-- TASK DESCRIPTION --
Write out exactly the lines from the one holding "(малый и большой)." to the last line of the entries, both ends included and nothing else, without the pictures.

(Data items)
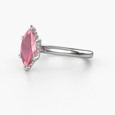 Deze verlovingsring heeft de naam Simone MRQ 2. Deze verlovingsring uitgevoerd in 14 Carat witgoud is gezet met 11x5.5 mm tourmalijn pink. Wat maakt jullie relatie uniek? Wat is het, dat jij haar wilt gaan vragen om jouw vrouw te worden? Die unieke band die jullie samen hebben, kun je laten weerspiegelen in een unieke ring. Een unieke solitaire verlovingsring die alleen voor haar vervaardigd is. En daarom past deze fantasie verlovingsring heel mooi bij haar. Ieder detail van deze ronde witgouden verlovingsring met tourmalijn pink wordt met de hand samengesteld, bijgewerkt en gepolijst door onze goudsmid in het atelier beneden. Een prachtige verlovingsring is het uiteindelijk resultaat, uniek en perfect gesmeed tot in de kleinste details! Dat is waar onze goudsmeden absoluut voor gaan! Dit juweel wordt speciaal voor jou gemaakt door onze meester goudsmeden in ons eigen atelier.Omdat wij zelf alle verlovingsring maken en direct aan jou leveren kunnen wij je een verlovingsring leveren tegen een prijs die je nergens anders zult tegenkomen. Een ring wordt pas gemaakt als we een bestelling krijgen, hierdoor hebben wij geen dure voorraden en kunnen wij je de beste prijs garanderen. Wij begrijpen dat het kopen van een verlovingsring online spannend is en willen daarom je zoveel mogelijk informeren over alle specifieke eigenschappen van de ring die jij koopt.Iedere dag is ons team van goudsmeden en sieradenontwerpers aan het werk om nieuwe sieraden te creëren. Het kan zijn dat je ergens een fantasie verlovingsring gezien hebt, die je als basis wilt nemen bij het ontwerpen van jouw unieke ring. Neem gerust contact met ons op en we zullen je een aanbod doen, waar je vrijwel zeker verwonderd zult zijn over de kwaliteit en de prijs.Om het voor jou makkelijker te maken kun je ieder besteld sieraad binnen 30 dagen na aflevering eenvoudig weer retour sturen.
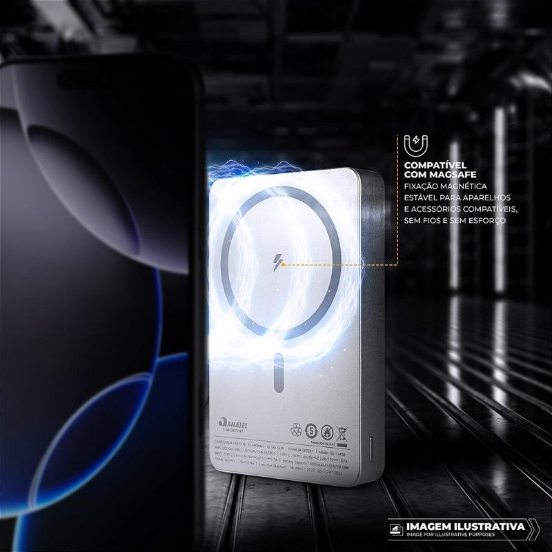 Com capacidade de 10.000mAh, o Titanium garante energia de sobra para manter seus dispositivos sempre ativos, mesmo nas rotinas mais intensas. Seu diferencial está na compatibilidade com o sistema MagSafe, que proporciona um encaixe magnético firme, seguro e sem esforço em iPhones e outros dispositivos compatíveis com tecnologia magnética.
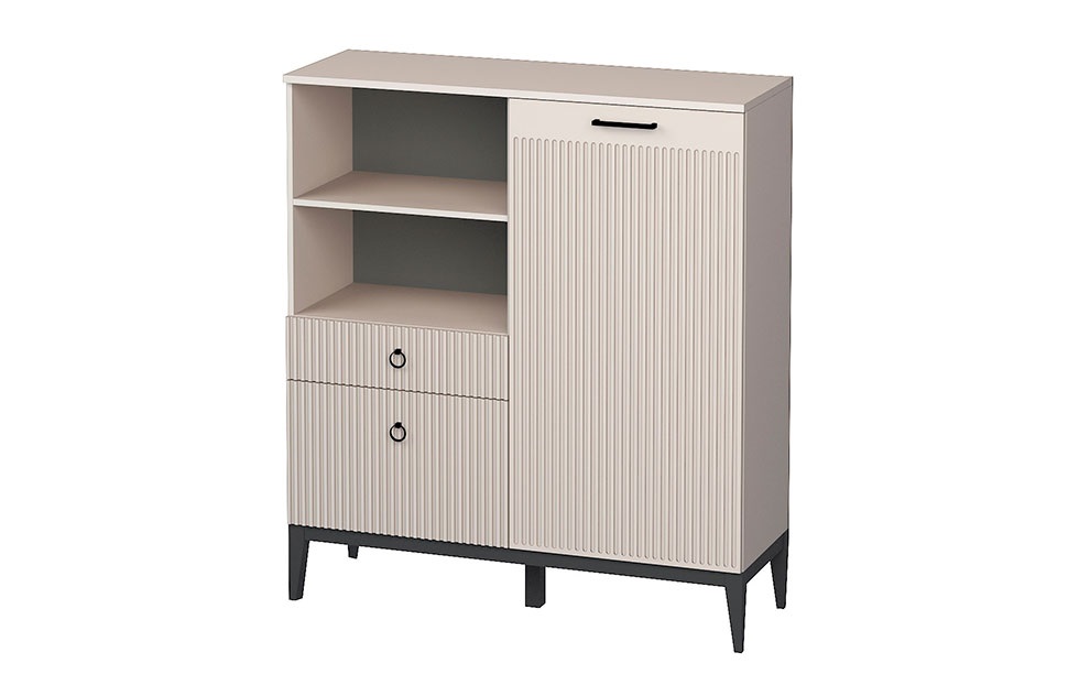 • Наполнение шкафа: полка в открытой части, три полки за высоким фасадом и 2 ящика (малый и большой).
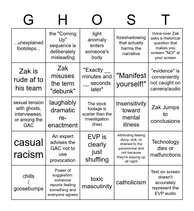 This bingo card has a free space and 24 words: An expert advises the GAC not to use provocation, Power of suggestion: someone reports feeling something and everyone agrees, "Exactly __ minutes and __ seconds later", chills / goosebumps, Voice-over Zak asks a rhetorical question that makes you scream "NO!" at your screen, ...unexplained footsteps..., Zak is rude af to his team, the "Coming Up" sequence is deliberately misleading, Insensitivity toward mental illness, EVP is clearly just shuffling, "Manifest yourself!", sexual tension with ghosts, interviewees, or among the GAC, Attributing feeling dizzy, sick, or drained to the paranormal and not because they're staying up all night, Technology dies or malfunctions, Zak misuses the term "debunk", catholicism, Zak Jumps to conclusions, light anomaly enters someone's body, "evidence" is conveniently not caught on camera/audio, laughably dramatic re-enactment, Text on screen doesn't accurately represent the EVP audio, casual racism, foreshadowing that actually harms the narrative and toxic masculinity.
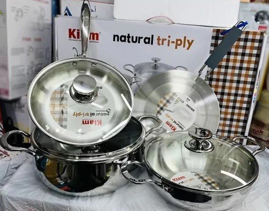 KIAM NATURAL TRI-PLY STAINLESS STEEL COOKWARE 7-PIECE SET- KARAI 26 CM, CASSEROL 26 CM, RUTI TAWA 26 CM, FRY PAN 24 CM

-- TASK SOLUTION --
 • Наполнение шкафа: полка в открытой части, три полки за высоким фасадом и 2 ящика (малый и большой).
 This bingo card has a free space and 24 words: An expert advises the GAC not to use provocation, Power of suggestion: someone reports feeling something and everyone agrees, "Exactly __ minutes and __ seconds later", chills / goosebumps, Voice-over Zak asks a rhetorical question that makes you scream "NO!" at your screen, ...unexplained footsteps..., Zak is rude af to his team, the "Coming Up" sequence is deliberately misleading, Insensitivity toward mental illness, EVP is clearly just shuffling, "Manifest yourself!", sexual tension with ghosts, interviewees, or among the GAC, Attributing feeling dizzy, sick, or drained to the paranormal and not because they're staying up all night, Technology dies or malfunctions, Zak misuses the term "debunk", catholicism, Zak Jumps to conclusions, light anomaly enters someone's body, "evidence" is conveniently not caught on camera/audio, laughably dramatic re-enactment, Text on screen doesn't accurately represent the EVP audio, casual racism, foreshadowing that actually harms the narrative and toxic masculinity.
 KIAM NATURAL TRI-PLY STAINLESS STEEL COOKWARE 7-PIECE SET- KARAI 26 CM, CASSEROL 26 CM, RUTI TAWA 26 CM, FRY PAN 24 CM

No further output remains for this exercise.